What to produce: Output only the lines below from the one containing "La cerimonia di" to the one containing "薛之谦这次是看到原价出售,所", exactly as written, both ends kept.

Data shown:
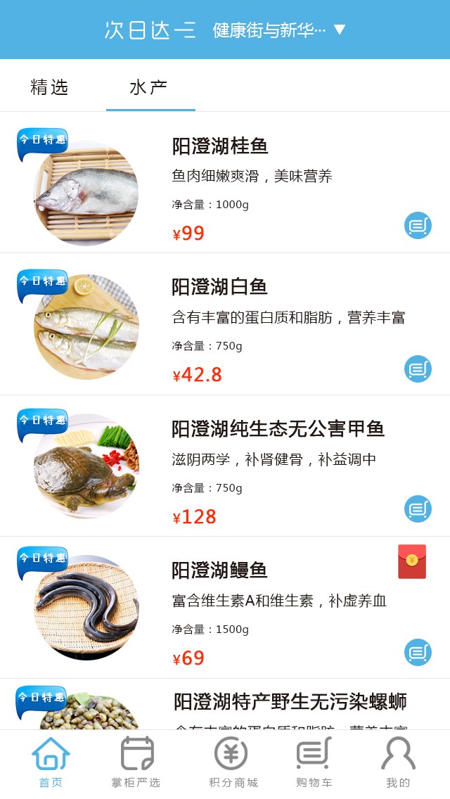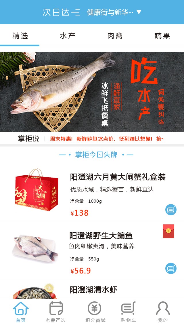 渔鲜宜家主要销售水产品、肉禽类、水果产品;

---

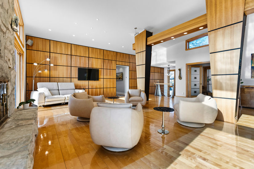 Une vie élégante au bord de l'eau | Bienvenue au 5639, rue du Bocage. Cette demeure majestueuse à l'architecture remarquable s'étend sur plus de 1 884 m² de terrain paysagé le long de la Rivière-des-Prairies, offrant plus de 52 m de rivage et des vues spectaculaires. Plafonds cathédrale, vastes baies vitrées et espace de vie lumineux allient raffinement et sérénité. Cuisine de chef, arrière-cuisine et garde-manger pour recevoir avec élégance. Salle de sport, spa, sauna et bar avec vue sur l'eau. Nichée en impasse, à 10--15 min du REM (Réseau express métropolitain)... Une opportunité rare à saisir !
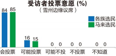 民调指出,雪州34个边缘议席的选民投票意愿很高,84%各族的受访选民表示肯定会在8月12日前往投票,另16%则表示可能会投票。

* * *

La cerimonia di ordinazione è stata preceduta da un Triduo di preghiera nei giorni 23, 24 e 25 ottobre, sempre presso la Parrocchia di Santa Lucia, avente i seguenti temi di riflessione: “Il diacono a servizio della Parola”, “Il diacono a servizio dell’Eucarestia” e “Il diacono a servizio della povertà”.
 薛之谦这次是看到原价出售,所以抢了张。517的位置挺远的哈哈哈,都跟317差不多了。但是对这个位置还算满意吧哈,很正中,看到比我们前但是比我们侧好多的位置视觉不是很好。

Written answer:
La cerimonia di ordinazione è stata preceduta da un Triduo di preghiera nei giorni 23, 24 e 25 ottobre, sempre presso la Parrocchia di Santa Lucia, avente i seguenti temi di riflessione: “Il diacono a servizio della Parola”, “Il diacono a servizio dell’Eucarestia” e “Il diacono a servizio della povertà”.
 薛之谦这次是看到原价出售,所以抢了张。517的位置挺远的哈哈哈,都跟317差不多了。但是对这个位置还算满意吧哈,很正中,看到比我们前但是比我们侧好多的位置视觉不是很好。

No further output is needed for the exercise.